Ruim twee weken nadat het dossier met gerechtsdeurwaarder sub 1 was afgerekend werd van klager een e-mail ontvangen met het verzoek de inhoudingen in het verdeeldossier aan hem uit te keren. Omdat het dossier was afgewikkeld en een groot deel van de inhoudingen al was afgedragen, is klager bericht dat hij zich tot gerechtsdeurwaarder sub 1 moest wenden. Het door gerechtsdeurwaarder sub 1 gelegde beslag is opgeheven door een betaling tegen finale kwijting. Terugbetaling van door gerechtsdeurwaarder sub 2 aan gerechtsdeurwaarder sub 1 afgedragen bedragen, maakt geen onderdeel uit van de afspraken tot finale kwijting. Zijn kantoor staat daar verder buiten.
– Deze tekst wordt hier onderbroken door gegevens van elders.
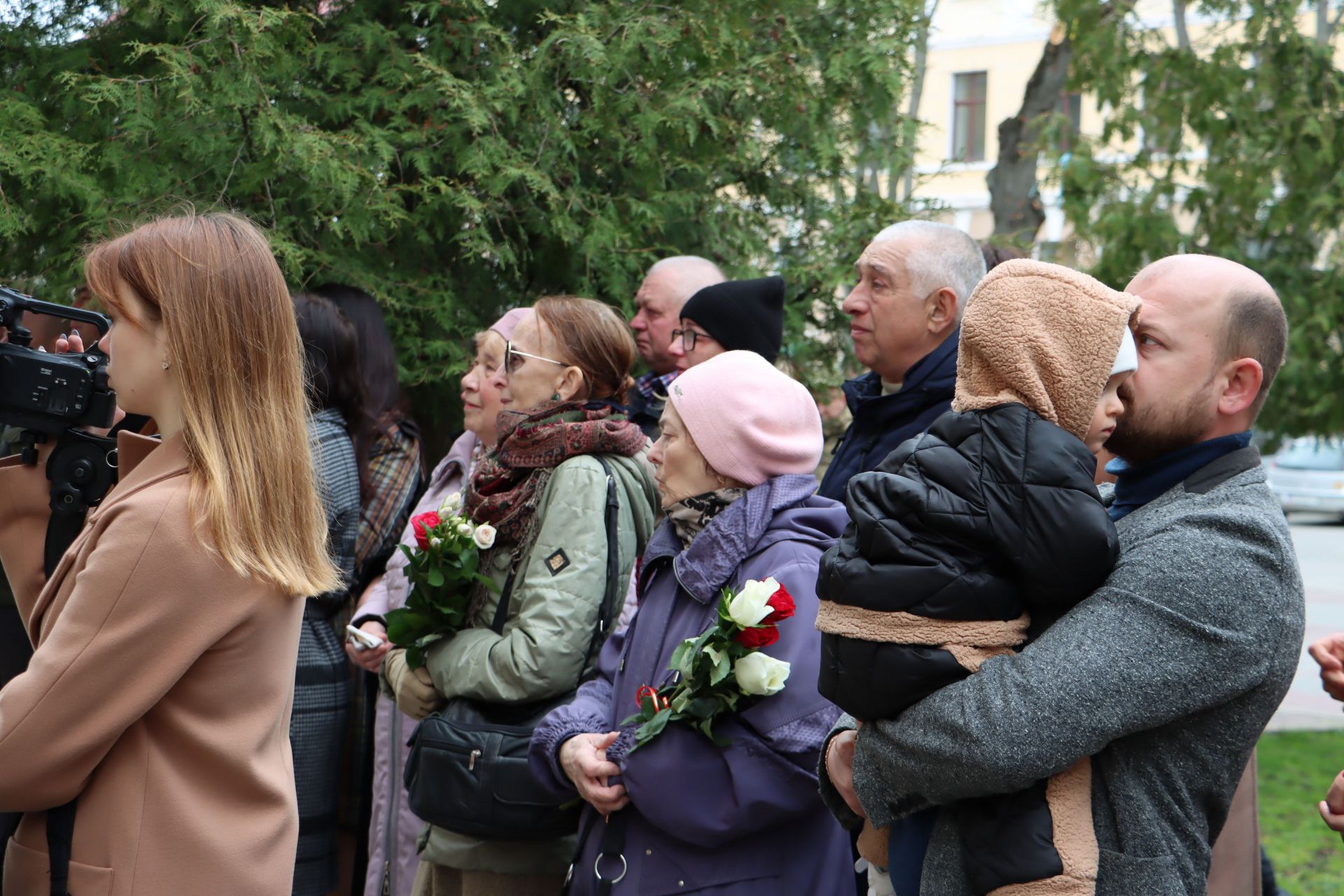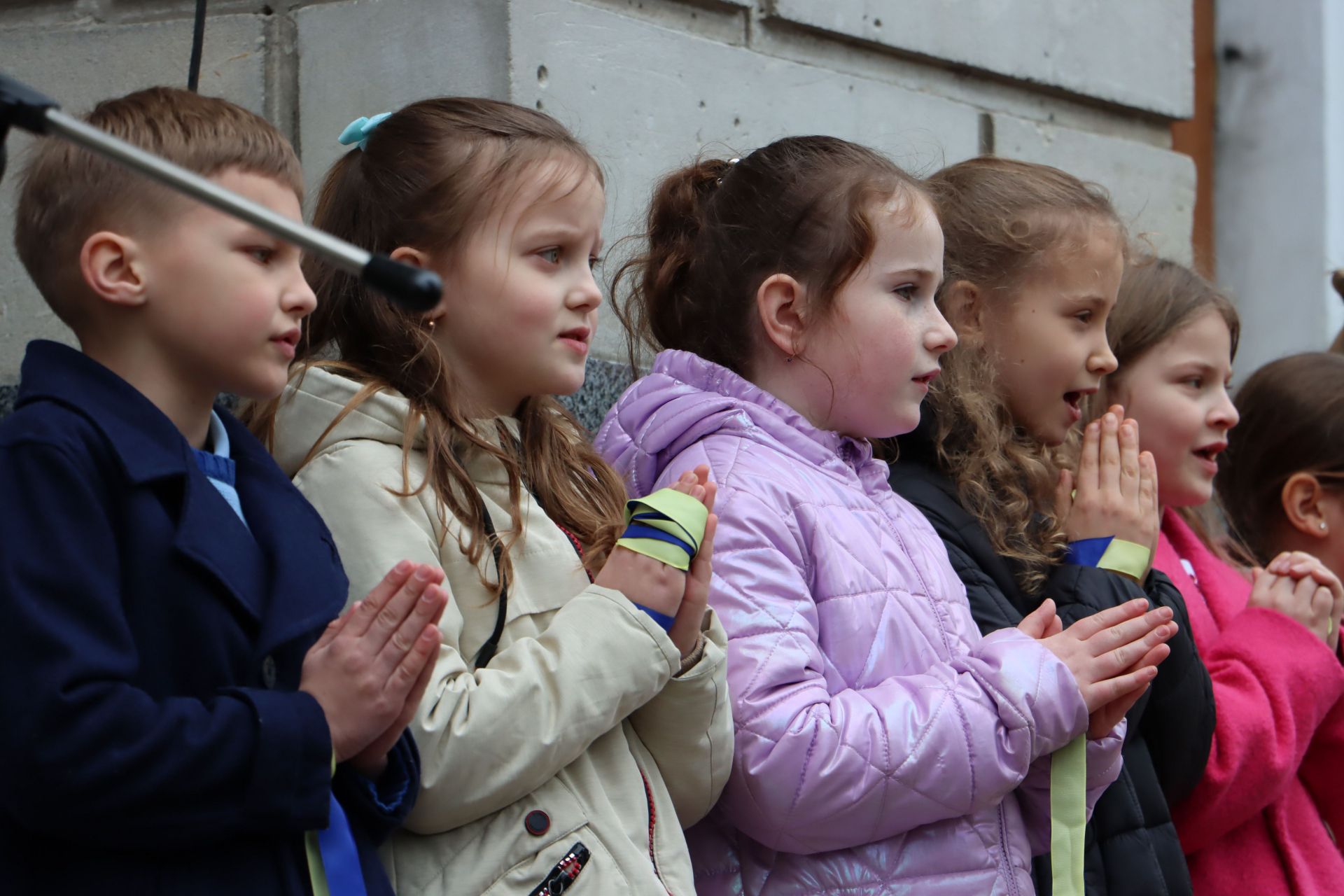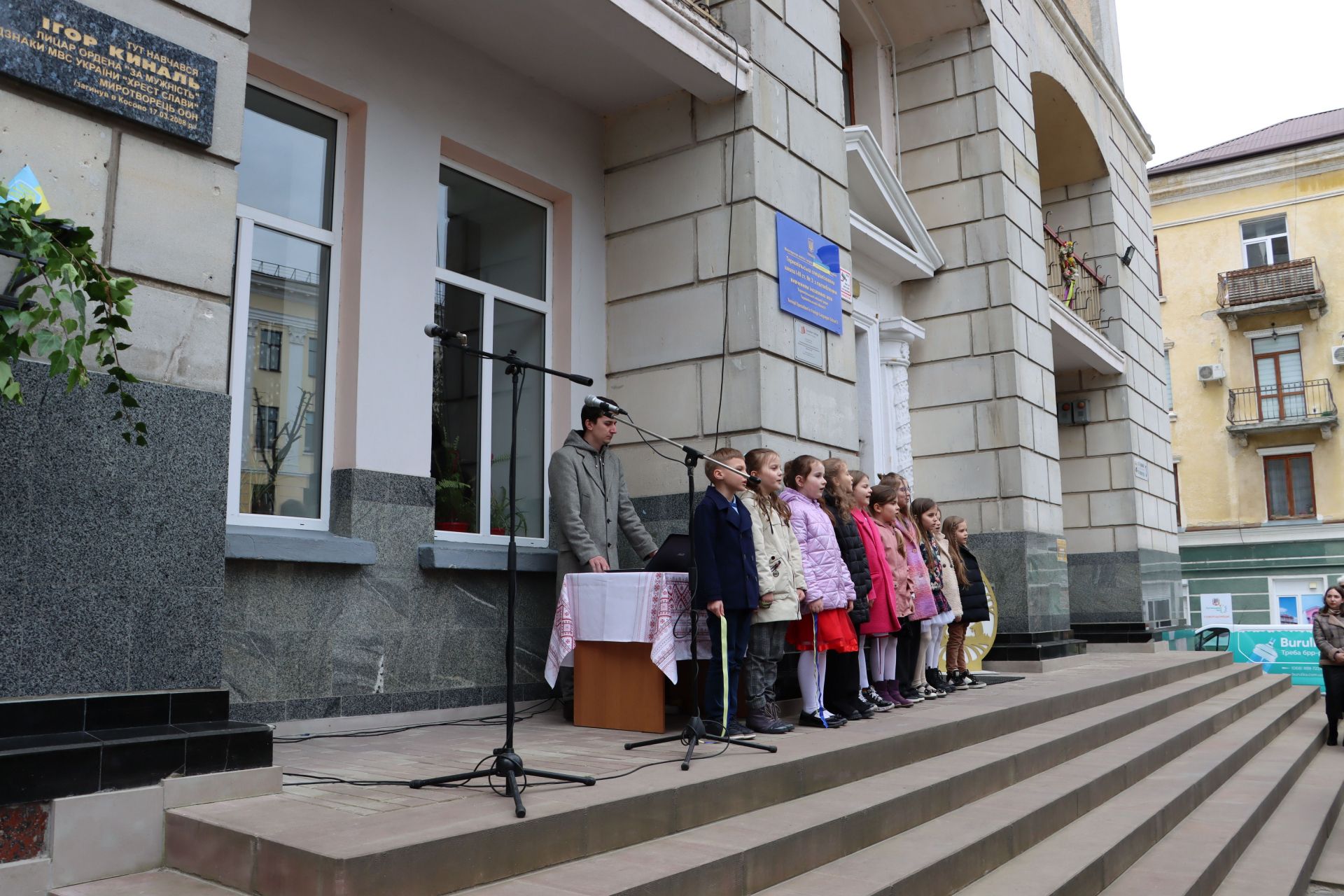 Право відкрити меморіальну дошку Герою Роману Стецюку надали міському голові Сергію Надалу та сестричці військового Анастасії. Зробили це під пісню «Гей пливе кача».
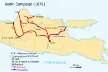 En , les forces alliées de la VOC et de Mataram marchent sur la capitale de Trunajaya, Kediri. Les troupes empruntent trois chemins distincts, sur suggestion du roi, afin de couvrir plus de territoire et d'intimider les factions autochtones n'ayant pas encore décidé de leur allégeance[36]. Cette stratégie est couronnée de succès, et durant la campagne, des bandes armées locales se joignent aux troupes coalisées, attirées par le butin[20]. Kediri est prise le par une force d'assaut dirigée par le capitaine François Tack (en)[20],[32]. Les alliés poursuivent jusqu'à Surabaya, la plus grande ville de l'est javanais, où Amangkurat établit sa cour[37]. Ailleurs, les rebelles sont également défaits. En , une force conjointe formée de troupes de la VOC, de Javanais et de Bugis sous les commandement de Sindu Reja et Jan Albert Sloot battent raden Kajoran dans une bataille à Mlambang près de Pajang[7],[38]. Malgré sa reddition, Sloot ordonne l'exécution de Kajoran[38]. En novembre, la VOC et ses alliés Bugis sous le commandement d'Arung Palakka expulsent les rebelles macassarois de leur forteresse à Keper (id) dans le Java oriental[7]. En , après ce que la VOC considère comme la bataille la plus acharnée de cette guerre, le seigneur rebelle de Giri est battu et une grande partie de sa famille est exécutée[7]. Cette série de victoires d'Amangkurat et de ses alliés de la VOC entraîne un nombre croissant de ralliement de Javanais au roi[7].

6. Beoordeling van de klacht

6.1 De klacht is gericht tegen de kantoren van de gerechtsdeurwaarders. Krachtens de Gerechtsdeurwaarderswet kan een klacht alleen tegen een gerechtsdeurwaarder worden ingediend. Uit de verweren blijkt dat de gerechtsdeurwaarders verantwoordelijk zijn voor het dossier van klager. Zij worden daarom aangemerkt als beklaagden. In de aanvang van deze beslissing is daarmee reeds rekening gehouden.

6.2 Ingevolge artikel 34 van de Gerechtsdeurwaarderswet zijn gerechtsdeurwaarders en kandidaat-gerechtsdeurwaarders onderworpen aan tuchtrechtspraak ter zake van enig handelen of nalaten in strijd met die wet of in strijd met hetgeen een behoorlijk gerechtsdeurwaarder betaamt. Ter beoordeling staat of de handelwijze van de gerechtsdeurwaarders een tuchtrechtelijk verwijtbare gedraging in de zin van dit artikel oplevert.

6.2 Dat geval doet zich hier naar het oordeel van de Kamer niet voor. Kennelijk is door de mededeling van gerechtsdeurwaarder sub 1 in de brief van 19 april 2016 dat hij na de ontvangst van het bedrag van de zuster van klager het derdenbeslag zou opheffen en de zaak bij zijn collega zou sluiten omdat de vordering tegen finale kwijting was voldaan, de indruk bij klager ontstaan dat de door gerechtsdeurwaarder sub 2 geïncasseerde gelden niet bij de regeling waren betrokken en dienden te worden terugbetaald. Na de toelichting van de gerechtsdeurwaarders ter zitting, die door klager niet is weersproken, is het de Kamer echter niet gebleken dat voor zover er bij klager onduidelijkheid is ontstaan, die onduidelijkheid door toedoen van de gerechtsdeurwaarders is ontstaan. Gerechtsdeurwaarder sub 1 had duidelijker kunnen communiceren met klager in de brief van 19 april 2016 en nadat op 13 mei 2016 was gebleken dat bij klager onduidelijkheid bestond. Dit is echter  onvoldoende om te kunnen concluderen dat er tuchtrechtelijk laakbaar is gehandeld.  

7. Op grond van het voorgaande wordt beslist als volgt.

BESLISSING

De Kamer voor Gerechtsdeurwaarders:

-        verklaart de klacht ongegrond.

Aldus gegeven door mr. S.P. Pompe, plaatsvervangend-voorzitter, mrs. A.E. de Vos en J.M. Wisseborn, leden, en uitgesproken ter openbare terechtzitting van 21 februari 2017  in tegenwoordigheid van de secretaris.

Tegen deze beslissing kan binnen dertig dagen na dagtekening van verzending van het afschrift van de beslissing hoger beroep worden ingesteld bij het Gerechtshof te Amsterdam, Postbus 1312, 1000 BH Amsterdam.